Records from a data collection
*** Begin section ***
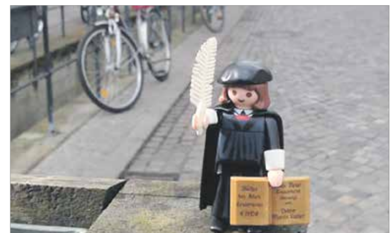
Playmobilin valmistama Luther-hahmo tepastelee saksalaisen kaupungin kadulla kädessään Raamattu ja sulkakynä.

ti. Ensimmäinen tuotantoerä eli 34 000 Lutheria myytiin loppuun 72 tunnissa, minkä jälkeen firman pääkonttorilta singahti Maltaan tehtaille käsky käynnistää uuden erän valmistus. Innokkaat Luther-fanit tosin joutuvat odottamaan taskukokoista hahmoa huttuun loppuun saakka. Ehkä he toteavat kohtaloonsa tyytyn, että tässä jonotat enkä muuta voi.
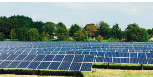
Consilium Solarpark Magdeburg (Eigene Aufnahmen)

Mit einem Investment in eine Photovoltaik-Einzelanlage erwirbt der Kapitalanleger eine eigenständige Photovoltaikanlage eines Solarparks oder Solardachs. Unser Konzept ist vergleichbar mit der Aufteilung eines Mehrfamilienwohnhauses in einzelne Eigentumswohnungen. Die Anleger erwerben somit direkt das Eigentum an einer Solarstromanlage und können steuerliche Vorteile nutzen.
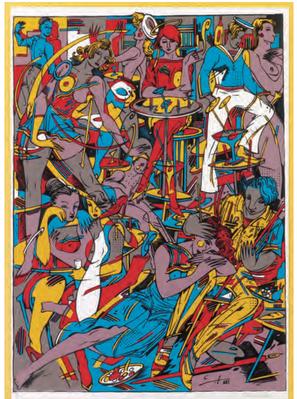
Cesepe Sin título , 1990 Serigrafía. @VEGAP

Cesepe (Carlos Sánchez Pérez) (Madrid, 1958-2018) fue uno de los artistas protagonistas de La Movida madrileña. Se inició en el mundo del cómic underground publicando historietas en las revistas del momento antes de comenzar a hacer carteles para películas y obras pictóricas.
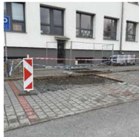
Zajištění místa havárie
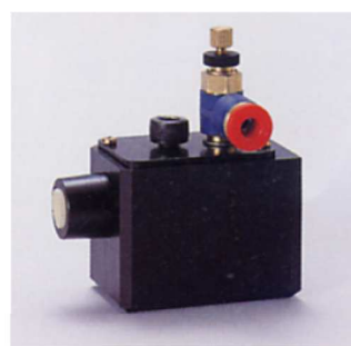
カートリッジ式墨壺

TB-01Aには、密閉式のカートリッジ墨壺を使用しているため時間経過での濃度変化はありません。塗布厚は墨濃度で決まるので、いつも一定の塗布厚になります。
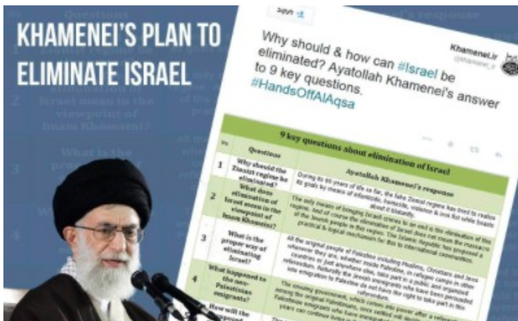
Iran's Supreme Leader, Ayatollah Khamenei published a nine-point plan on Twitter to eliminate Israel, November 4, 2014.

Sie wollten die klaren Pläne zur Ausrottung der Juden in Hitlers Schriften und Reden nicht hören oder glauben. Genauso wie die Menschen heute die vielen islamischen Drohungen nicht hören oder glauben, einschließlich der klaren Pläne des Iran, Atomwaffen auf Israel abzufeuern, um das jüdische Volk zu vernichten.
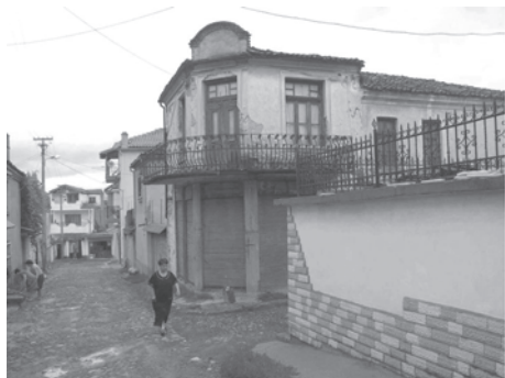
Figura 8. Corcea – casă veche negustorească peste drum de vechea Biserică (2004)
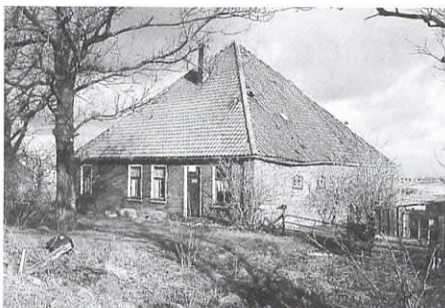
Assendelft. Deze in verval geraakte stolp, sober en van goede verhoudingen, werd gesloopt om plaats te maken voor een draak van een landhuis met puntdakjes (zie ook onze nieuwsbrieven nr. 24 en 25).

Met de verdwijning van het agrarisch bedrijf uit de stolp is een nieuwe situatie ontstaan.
*** End section ***
Task instructions
Search the data above for the word "Cesepe", then gather each line in which it appears.

Response to the task
Cesepe Sin título , 1990 Serigrafía. @VEGAP
Cesepe (Carlos Sánchez Pérez) (Madrid, 1958-2018) fue uno de los artistas protagonistas de La Movida madrileña. Se inició en el mundo del cómic underground publicando historietas en las revistas del momento antes de comenzar a hacer carteles para películas y obras pictóricas.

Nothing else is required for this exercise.